By this point the hour was up, and I was disappointed that we had so little time! Lots of issues were raised and not resolved, but there was certainly something new there for me to think about, and not at all where I expected.

Day three was a little more hands-on, with Manual Handling, Resuscitation, and Conflict Resolution. The bleedin' obvious was reiterated in handling of objects, including how to take a trolley safely through a doorway. I didn't have to stay for the patient handling session, but I thought it would be interesting, and it was. The newest technology to help nurses are Slip Sheets - sheets of fabric with one ordinary and one extremely slippery side. The sheets are placed in various orientations to allow patients to be moved where previously they had to be lifted using potentially back-threatening movements, e.g. patients are now moved from one bed to another by sliding rather than lifting. These sheets can be used in all sorts of circumstances, from moving a patient up a bed, helping them stand, sit and rotate into bed, and reduce the likelihood of damage to fragile skin by eliminating friction between the body and the bed (or other) surface. A great step forward.
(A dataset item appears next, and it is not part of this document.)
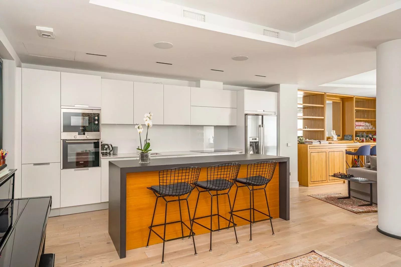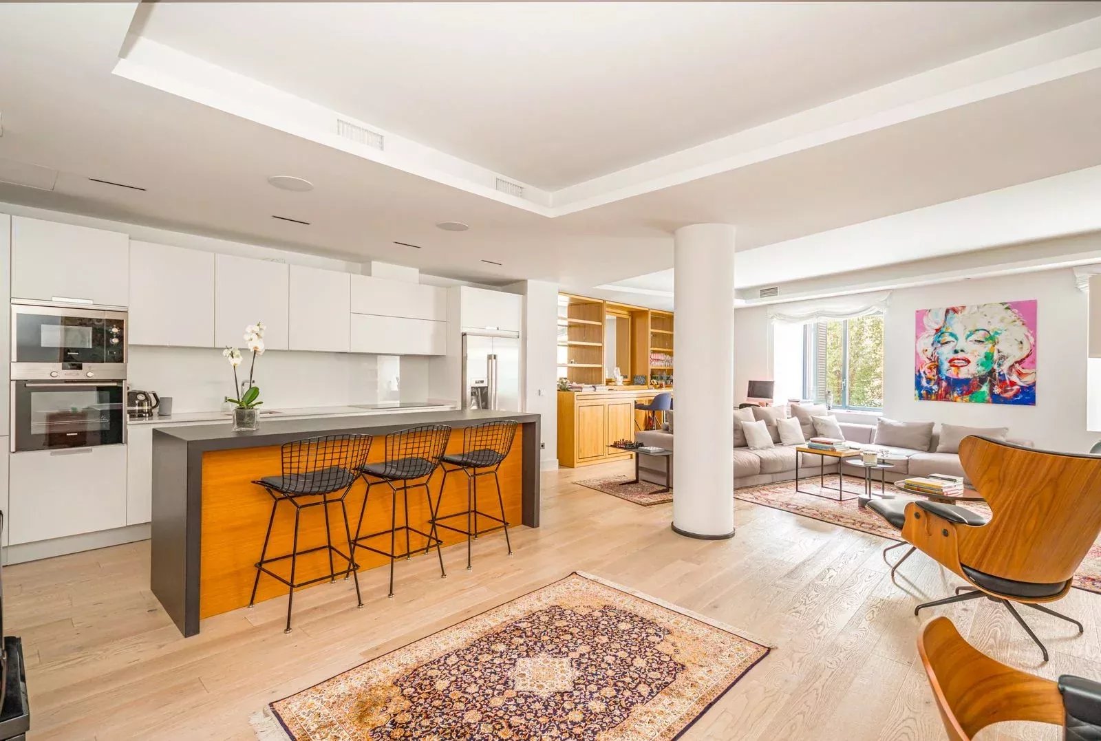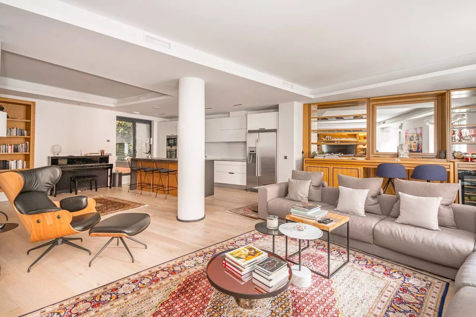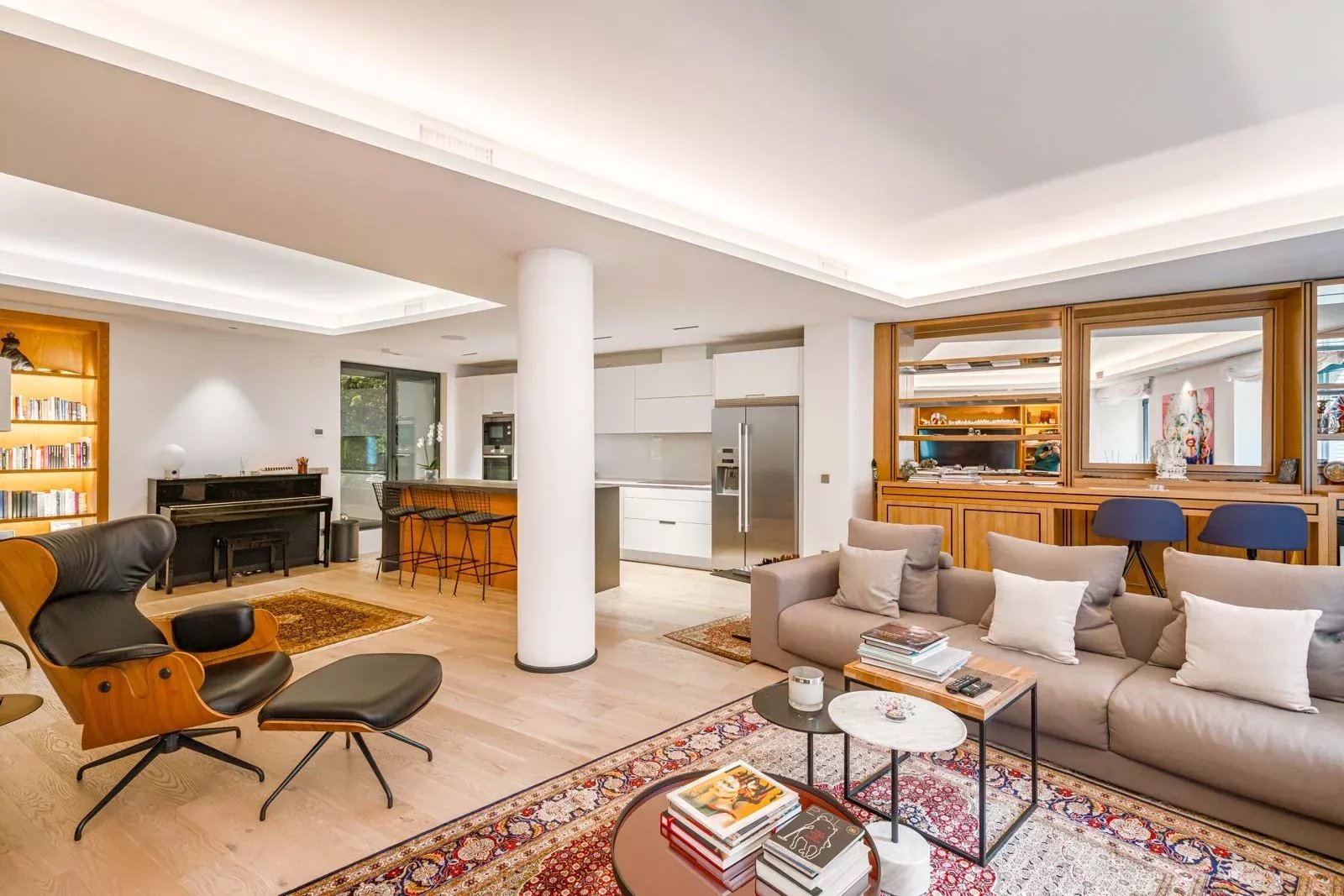 Living-dining room overlooking Recoletos street and integrated kitchen, it also has access to an interior terrace that fills the room with light.

The Resuscitation session found me and five nurses (all the other inductees in clinical roles were nurses except a few doctors, me, and one radiologist) taking turns to initiate CPR (calling for crash team/cart), doing chest compressions, squeezing the ventilating air bag thing (no mouth-to-mouth any more), and using the defibrillator. I was very surprised that even the nurses with years of experience behind them had never used the defibrillator or taken any sort of lead in resuscitation - they said that in the past, it was always the job of a doctor. It seems that in this Trust, it is thought worthwhile to start CPR before the doctors and the crash team arrive, which seems eminently sensible. I still hope that I don't have a patient going into cardiac arrest in front of me, despite the training.

I anticipated that Conflict Resolution would give us some tools to deal with conflict, stop a situation escalating into violence, that sort of thing. In fact, the session would more accurately have been called Conflict Identification And Communication Tools Theory, and the final part was focussed on contradicting the general view that we're not allowed to hit patients. The trainer assured us that we were definitely allowed to hit patients, or anyone else who is threatening us to the extent that we fear that we will be hurt. I don't think I'd have the courage to hit anyone in anger, but I suppose it's nice to know that I can.


1 comment:

  1. Reading this has reminded me of why I had to leave the NHS recently. I worked at the NHS for 10 years and got to the point where I couldn't stand the excessive bureacracy and box-ticking culture anymore. So glad I left the NHS.